Метла обещала поделить деньги, но сказала, что сначала нужно поменять эти купюры на другие, у этих все номера переписаны, сразу поймают.
Потом все разбежались дожидаться денег, а теперь Косарь достает Лиса, требует долю, иначе будет плохо всем. Грозится напустить на них братву и все такое прочее.
Косарь жил в противоположном конце города – рыжий назвал его адрес.
Камера зафиксировала все, что рассказал мне Милютин, и я стал думать, что мне делать.

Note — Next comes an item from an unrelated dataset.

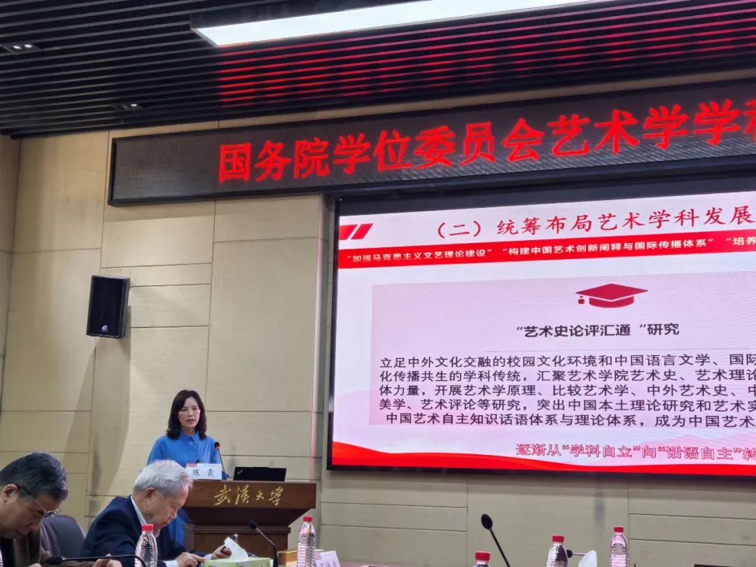 在新学科目录颁布后学科建设经验交流环节,武汉大学等5个交流单位从自身体量、发展和培养体系等现实情况出发开展了汇报分享。武汉大学艺术学院院长孟君介绍了武汉大学艺术学学科的发轫源流及学科特色,上海大学上海美术学院执行院长金江波就学院的发展思路和建设成效分享了经验,武汉理工大学喻仲文重点介绍了全球视野下的艺术交流史研究这一特色方向,山西大学梁晓萍展示了智库建设与资政研究成果,西北师范大学史忠平阐述了未来申报培养方向的调整规划。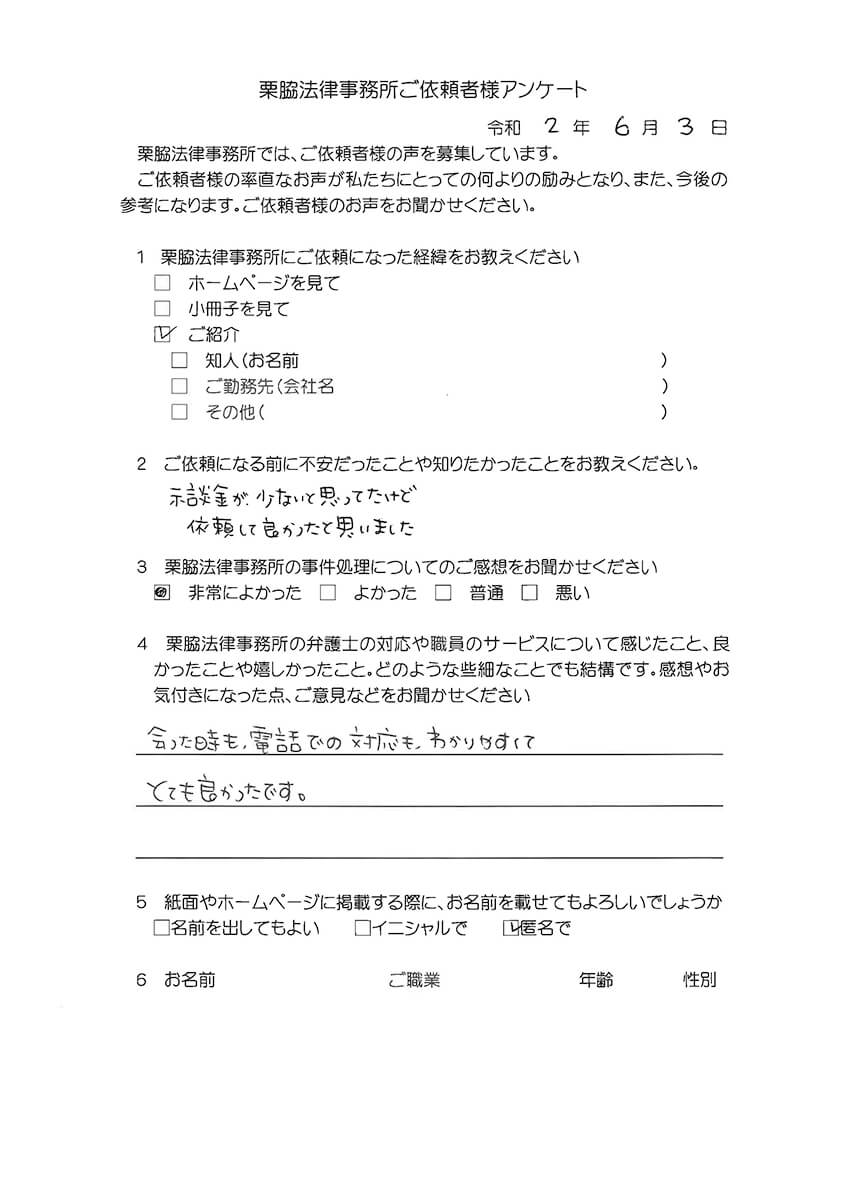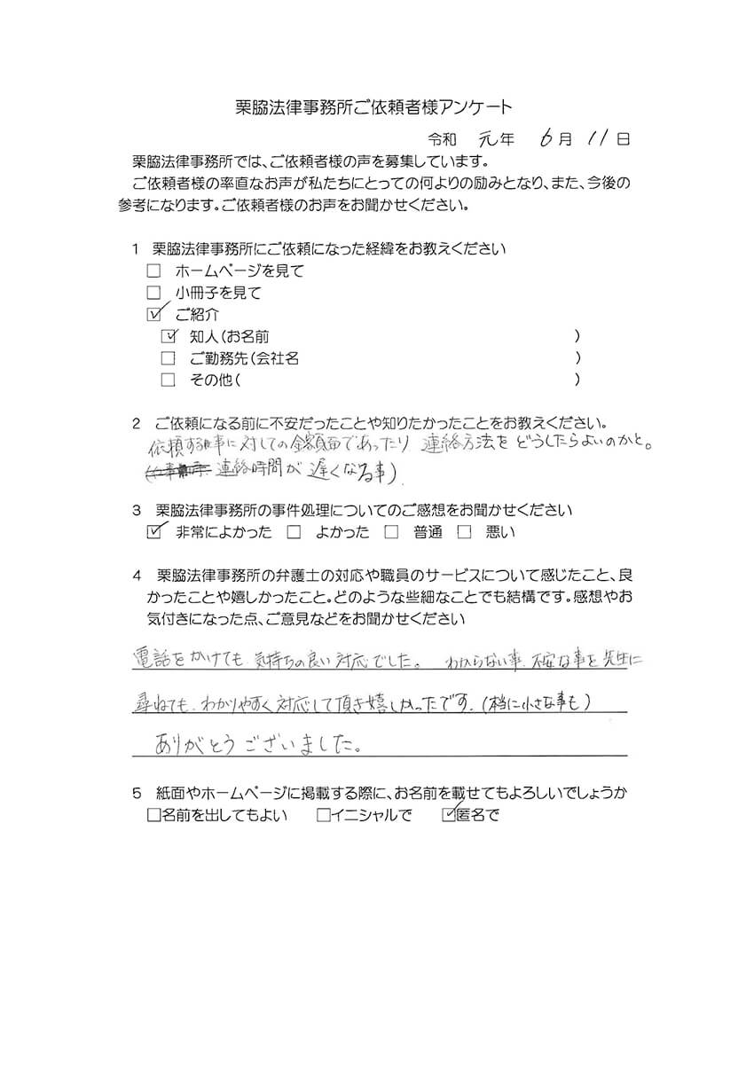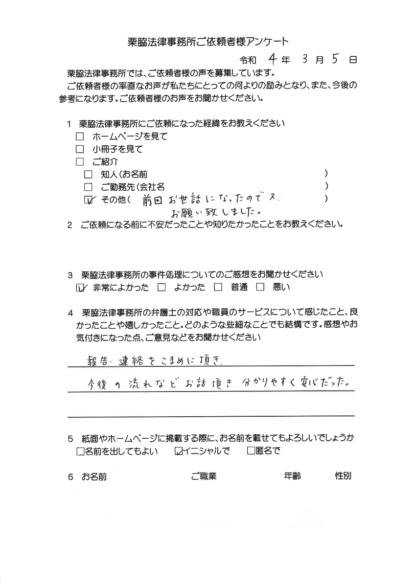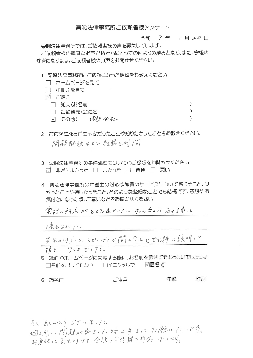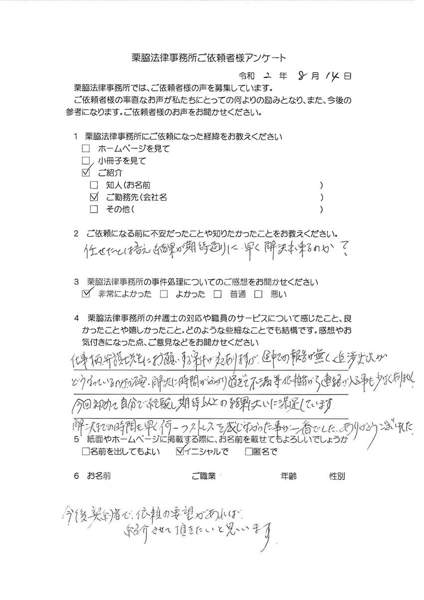 仕事柄、弁護士先生にお願いする案件が多々ありますが、途中での報告が無く進捗状況がどうなっているのか不安・解決に時間がかかり過ぎて不満等依頼者から連絡が入る事も少なくありません。今回初めて自分で経験し、期待以上の結果に大いに満足しています。解決までの時間も早く、何一つストレスを感じなかった事が一番でした。ありがとうございました。

То ли погрузить супостатов в «девятку» и отвезти олигарху, то ли оставить их здесь. И в том, и в этом варианте были свои плюсы и минусы, однако вариант с вывозом этого генетического мусора смотрелся гораздо более опасным, и я его отверг без всякого сомнения.
Босс лежал без сознания, потому допросить его не удалось. Да и какой смысл? Лис все выложил, все до мельчайших подробностей было ясно, так что терять время на вранье второго члена банды мне не хотелось. А потому я просто связал обоих, сняв их с «ласточки» – больше пятнадцати минут на «ласточке» выдержать невозможно, – и как следует перевязал убийцу. Он должен дожить. До чего? До суда, либо до… справедливого суда.
Если его будут судить по закону – дадут лет двадцать. Он даже может выйти из тюрьмы, пусть и не молодым существом, но выйти. А вот старики уже никогда и никуда не выйдут. Поэтому, по моему мнению, ему жить нельзя. Кстати, как и этой самой Метле. Фактически это она убила стариков, пусть и руками Босса.
Связав бандитов, я заткнул обоим рты, чтобы гады не вопили, забрал ключи от калитки, от замка на двери и пошел наружу.
Уже запирая дверь, посмотрел туда, где я лежал, дожидаясь супостатов, и невольно поежился – фактически лежал на могиле. «Небо, солнышко, птички поют, травка!» Ага. Только подо мной еще и мамаша рыжего, которую эти мрази грохнули, чтобы не мешала им жить. Орала, «выступала», вот и довыступалась.
Рыжий сказал, что и ее грохнул Босс, но я ему не поверил. Вдвоем убивали, точно. Один ноги держал, второй душил. А потом пенсию получал за мать – она была инвалидом третьей группы, пенсию на дом носили. Он расписывался, и никто ни разу не спросил, почему это женщина за три месяца ни разу не получила пенсию сама.
У меня было ощущение, что я окунулся в яму с дерьмом. Настолько все мелко, гнусно и жестоко, что не находилось других слов, чтобы все это охарактеризовать. Эти твари – как взбесившиеся обезьяны.